The Series and the Problem With It

Ireland will host Afghanistan across two venues — Bready in Northern Ireland and Stormont in Belfast — from August 5 to 14. The five-match ODI series was approved after a dedicated 90-minute board meeting held solely to discuss this one question.

The issue is straightforward and serious. Since the Taliban returned to power in Afghanistan in 2021, women have been banned from participating in sport of any kind. The Afghan women’s cricket team — most of whom had been given contracts and were building careers — had to flee the country. Most of them are now in exile in Australia.

Australia and England have already either cancelled or refused to schedule bilateral series against Afghanistan’s men’s team in protest. Ireland are now going a different route — playing the series but giving their own players the right to opt out.

“I Think You Have To” — Graeme West

Cricket Ireland’s director of high performance, Graeme West, was clear that the opt-out option was not optional in principle — he felt it was the only right thing to offer the players.

“I think you have to. We have had conversations with both the men’s and women’s teams to gauge opinion. There are concerns, as you would anticipate, but when we had similar conversations with the board and considered all the factors, there is an understanding.”

Cricket Ireland CEO: “Not a Financial or Legal Decision”

CEO Sarah Keane — who made history as the first permanent female CEO of an ICC full member nation — was careful to be transparent about the nature of the decision and the discomfort within the board.

“I want to acknowledge upfront the moral discomfort that I think we all sit with around this decision and how the regime treats women in particular.”

“I’m not going to fob you off by saying that there’s financial reasons and there’s legal reasons. There aren’t. This has been a decision by Cricket Ireland in what it believes is the best interest of the organisation as a whole.”

The board’s vote was not unanimous. Forty percent of Cricket Ireland’s board members are women. Keane said one of the main reasons to go ahead was to keep the plight of the displaced Afghan women’s team firmly on the international agenda.

“If we don’t play the series the issue kind of goes away, whereas we need to be talking about the displaced Afghan women’s team. It’s incumbent on us to make sure we look to what we can do and it stays an issue.”

Cricket Ireland has also invited the exiled Afghan women’s team to play fixtures in Ireland, though it is not expected to happen this year due to scheduling constraints.

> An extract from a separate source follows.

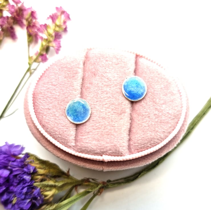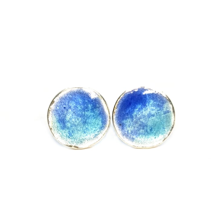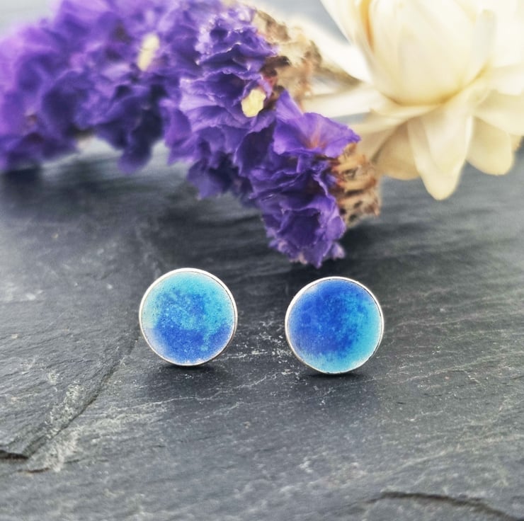 Expertly crafted in solid recycled silver, these exquisite stud earrings are adorned with a captivating blend of light and dark blue enamels. The result is a timeless design that effortlessly combines sophistication with a touch of the sea's tranquil beauty.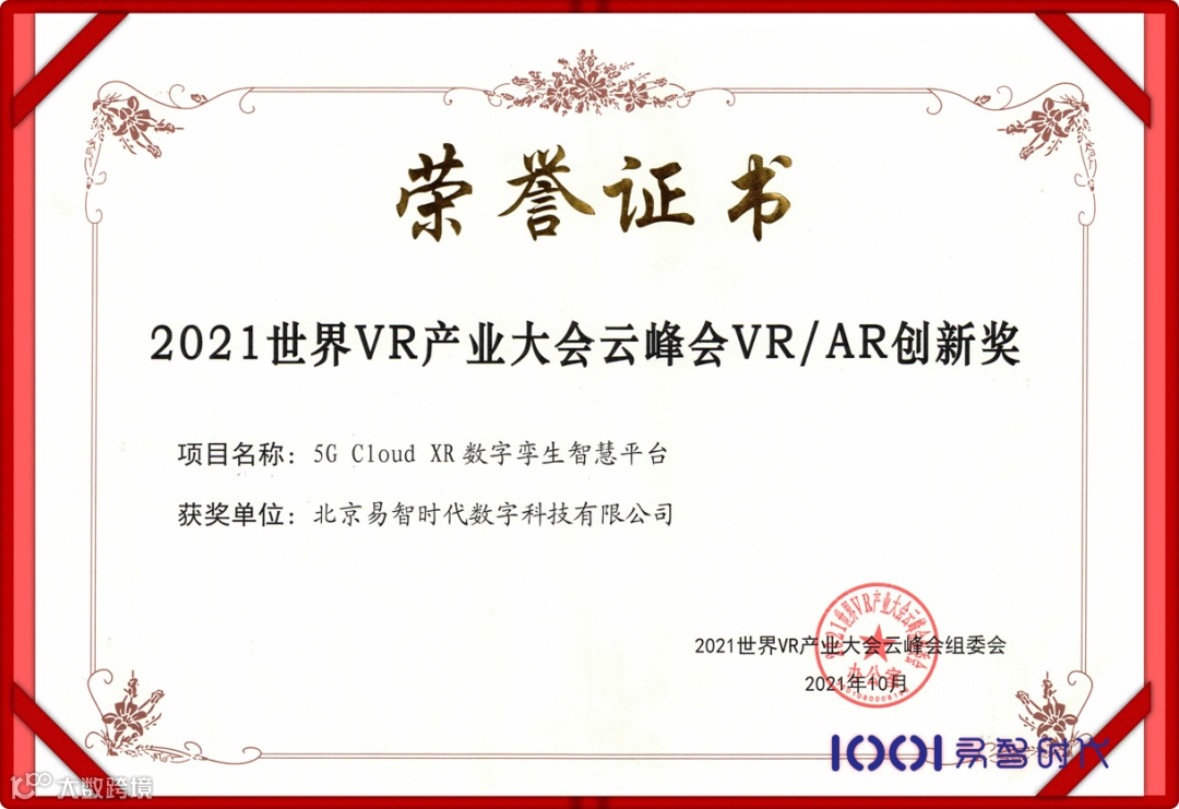 易智时代“5G Cloud XR数字孪生智慧平台”在2021世界VR产业大会荣获“VR/AR创新奖”

The Bigger Picture: ICC Under Pressure

Cricket Ireland’s dilemma reflects a wider failure at the ICC level. The global body mandates that Test-playing nations must support women’s cricket — but Afghanistan has had no women’s programme since 2021, and the ICC has not taken action.

Human Rights Watch wrote to ICC chairman Jay Shah in early 2025 urging the suspension of Afghanistan’s membership, pointing out that the Taliban’s ban on women’s sport directly violates the ICC’s own anti-discrimination policy and the Olympic Charter. The ICC resisted, arguing that punishing male cricketers for their government’s policies would be unjust.

The question Cricket Ireland is wrestling with — whether playing sends the wrong message or a louder one — is one the entire cricket world has been unable to answer as a collective.